Average using grouping value in another vector (numpy / Python)

I'd like to take the average of one vector based on grouping information in another vector. The two vectors are the same length. I've created a minimal example below based on averaging predictions for each user. How do I do that in NumPy?
>>> pred
[ 0.99 0.23 0.11 0.64 0.45 0.55 0.76 0.72 0.97 ]
>>> users
['User2' 'User3' 'User2' 'User3' 'User0' 'User1' 'User4' 'User4' 'User4']
A 'pure numpy' solution might use a combination of np.unique and np.bincount:
import numpy as np
pred = [0.99, 0.23, 0.11, 0.64, 0.45, 0.55, 0.76, 0.72, 0.97]
users = ['User2', 'User3', 'User2', 'User3', 'User0', 'User1', 'User4',
'User4', 'User4']
# assign integer indices to each unique user name, and get the total
# number of occurrences for each name
unames, idx, counts = np.unique(users, return_inverse=True, return_counts=True)
# now sum the values of pred corresponding to each index value
sum_pred = np.bincount(idx, weights=pred)
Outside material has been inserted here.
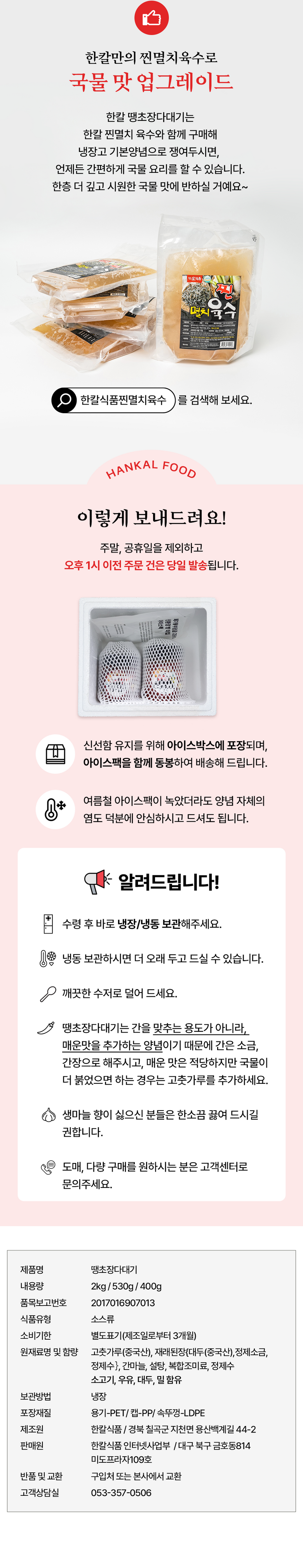 | 생산자 및 소재지 | 한칼식품/경북 칠곡군 지천면 용산리 336 | 제조연월일, 소비기한 또는 품질유지기한 | 상품 상세페이지 참조 |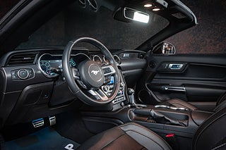 Med denna Mustang GT får du klassisk amerikansk V8-prestanda kombinerat med modern teknik och hög komfort. Den starka 5.0-liters V8:an levererar ett fantastiskt ljud och rejäl kraft, samtidigt som den 10-stegade automatlådan gör bilen både smidig i vardagen och brutal när du vill köra mer aktivt. Cabriolet-utförandet ger dessutom maximal körglädje under sommarhalvåret.

# finally, divide by the number of occurrences for each user name
mean_pred = sum_pred / counts
print(unames)
# ['User0' 'User1' 'User2' 'User3' 'User4']
print(mean_pred)
# [ 0.45 0.55 0.55 0.435 0.81666667]
If you have pandas installed, DataFrames have some very nice methods for grouping and summarizing data:
import pandas as pd
df = pd.DataFrame({'name':users, 'pred':pred})
print(df.groupby('name').mean())
# pred
# name
# User0 0.450000
# User1 0.550000
# User2 0.550000
# User3 0.435000
# User4 0.816667
If you want to stick to numpy, the simplest is to use np.unique and np.bincount:
>>> pred = np.array([0.99, 0.23, 0.11, 0.64, 0.45, 0.55, 0.76, 0.72, 0.97])
>>> users = np.array(['User2', 'User3', 'User2', 'User3', 'User0', 'User1',
... 'User4', 'User4', 'User4'])
>>> unq, idx, cnt = np.unique(users, return_inverse=True, return_counts=True)
>>> avg = np.bincount(idx, weights=pred) / cnt
>>> unq
array(['User0', 'User1', 'User2', 'User3', 'User4'],
dtype='|S5')
>>> avg
array([ 0.45 , 0.55 , 0.55 , 0.435 , 0.81666667])
A compact solution is to use numpy_indexed (disclaimed: I am its author), which implements a solution similar to the vectorized one proposed by Jaime; but with a cleaner interface and more tests:
import numpy_indexed as npi
npi.group_by(users).mean(pred)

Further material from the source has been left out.